The test results of AUC values with RF, NN, SVM, LR and Ensemble models are shown in Table 4. We observe the improvement of the AUC values after adding the dynamic features within different time intervals for different types of crime event. While the prediction performance varies based on the type of crime event and time interval for most of the prediction models, the RF shows the consistent improvement of AUC values after adding the dynamic features. In specific, with RF within different time intervals, the AUC values increase up to 4% after considering the dynamic features for Theft, 4% for Drug Offence, 16% for Assault, 2% for Fraud, and 6% for Unlawful Entry. No improvement has been observed for Traffic Related Offence. The test results verify that the dynamic features are significant to predict different types of crime event except for Traffic Related Offence. Interestingly, RF also possesses the best AUC values for all types of crime event within different time intervals. RF algorithm is consistent and adapts to sparsity. The convergence rate of the algorithm depends on only the strong features and hence, it is independent on the noise variables in the model [52]. For further evaluation, we report Accuracy% and F-1 score% with RF model in Table 5. We observe that the models with dynamic features yield better Accuracy% and F-1 score% than the models without dynamic features within different time intervals for different types of crime events.

Table 4 AUC comparison with and without dynamic features for Brisbane (“wod” and “wd” represent without and with dynamic features respectively)
Table 5 Metrics comparison with and without dynamic features for Brisbane (“wod” and “wd” represent without and with dynamic features respectively)

6.2.2 New York City

The test results with RF, NN, SVM, LR and Ensemble models are shown in Table 6 for New York City. Like Brisbane, the improvement of the AUC values after adding the dynamic features is stable by using RF, compared to the others. It increases the AUC values up to 4% after considering the dynamic features for Theft, 4% for Drug Offence, 2% for Assault, 4% for Fraud, and 4% for Unlawful Entry. For Traffic Related Offence, the AUC value decreases or remains same after considering the dynamic features during most of the time intervals. Same as Brisbane, the experimental results in New York City prove the significance of dynamic features to predict different types of crime event except for Traffic Related Offence. The Ensemble model outperforms the others in terms of AUC values for all types of crime event within different time intervals. The Accuracy% and F-1 score% with RF model are reported in Table 7. Same as Brisbane, the models with dynamic features yield better Accuracy% and F-1 score% than the models without dynamic features within different time intervals for Theft, Drug Offence, Assault and Fraud. The performances slightly decrease within some time intervals for Unlawful Entry and Traffic Related Offence.

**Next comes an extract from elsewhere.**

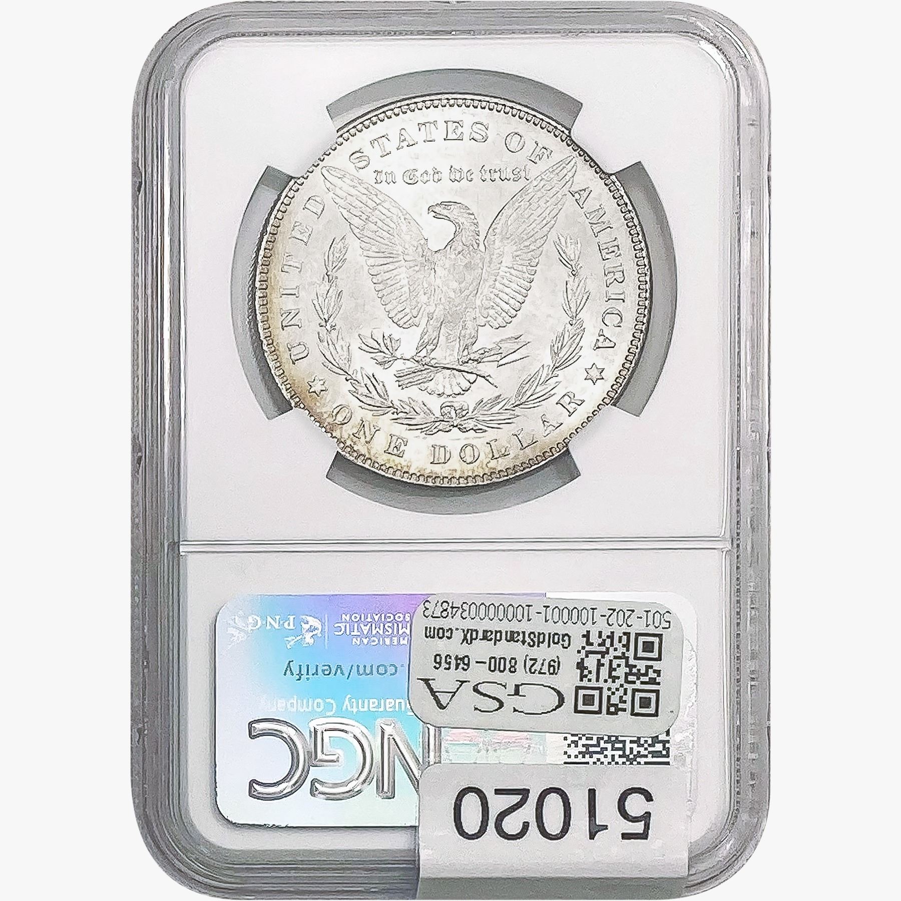 e. Coins sold referencing a third-party grading service are sold “AS IS” without any express or implied warranty, except for a guarantee by GSA that they are genuine. Removal or alteration of the holder, voids all of Bidder’s claims concerning that Product. Certain warranties may be available from the grading services and Bidders are referred to them for further details: Numismatic Guaranty Corporation (NGC), PO Box 4776, Sarasota, FL 34230, www.ngccoin.com/services/writtenguarantee.asp; Professional Coin Grading Services (PCGS), PO Box 9458, Newport Beach, CA 92658, www.pcgs.com/guarantee.html; ANACS, 6555 S. Kenton St., Ste. 303, Englewood, CO 80111; and Independent Coin Grading Co. (ICG), 7901 East Bellview, Ave., Suite 50, Englewood, CO 80111.

Table 6 AUC comparison with and without dynamic features for New York City. “wod” and “wd” represent without and with dynamic features, respectively
Table 7 Metrices comparison with and without dynamic features for New York City (“wod” and “wd” represent without and with dynamic features respectively)

6.3 Significance test

In the above mentioned tests, we observe that the combination of dynamic features with static features can improve more or less the prediction performance for different types of crime event. To justify this improvement, we perform a statistical hypothesis test of RF model, more specifically, the paired t-test and report the results in this section. In this hypothesis test, the null hypothesis is \(\mathrm{AUC}_{\mathrm{wd}}\leq \mathrm{AUC}_{\mathrm{wod}}\), where \(\mathrm{AUC}_{\mathrm{wd}}\) is the AUC value with dynamic features and \(\mathrm{AUC}_{\mathrm{wod}}\) is the AUC value without dynamic features. The alternative hypothesis is \(\mathrm{AUC}_{\mathrm{wd}}>\mathrm{AUC}_{\mathrm{wod}}\). Here, we obtain a sample of \(\mathrm{AUC}_{\mathrm{wd}}\) and \(\mathrm{AUC}_{\mathrm{wod}}\) by applying 10-fold cross validation. The estimated p-value from the test can be observed in Table 8 for different types of crime event within different time intervals for two cities, Brisbane and New York City. The smaller p-value (less than 0.05) rejects the null hypothesis and accepts the alternative hypothesis. We observe small p-value for Theft within most of the time intervals in both cities. It proves that the dynamic features are significant in Theft prediction. Conversely, larger p-value for Traffic Related Offence at some time intervals justifies that dynamic features are less significant to predict this type of crime event. For the other types of crime event, the significance of the dynamic features depends on time interval and city. We can observe that the improvement after adding the dynamic features are statistically significant for more types of crime event within different time intervals in New York City than Brisbane. It proves that the availability of fineness human mobility data increases the significance of dynamic features in predicting different types of crime event.

Table 8 Estimated p-value for different crime types at different time interval

6.4 Individual dynamic feature

For the different types of dynamic feature, the effectiveness in crime event prediction is not the same. We evaluate the importance of each individual dynamic feature to predict a crime event. In particular, we report the test result for Theft prediction. However, the same analysis can be applied to the other types of crime event.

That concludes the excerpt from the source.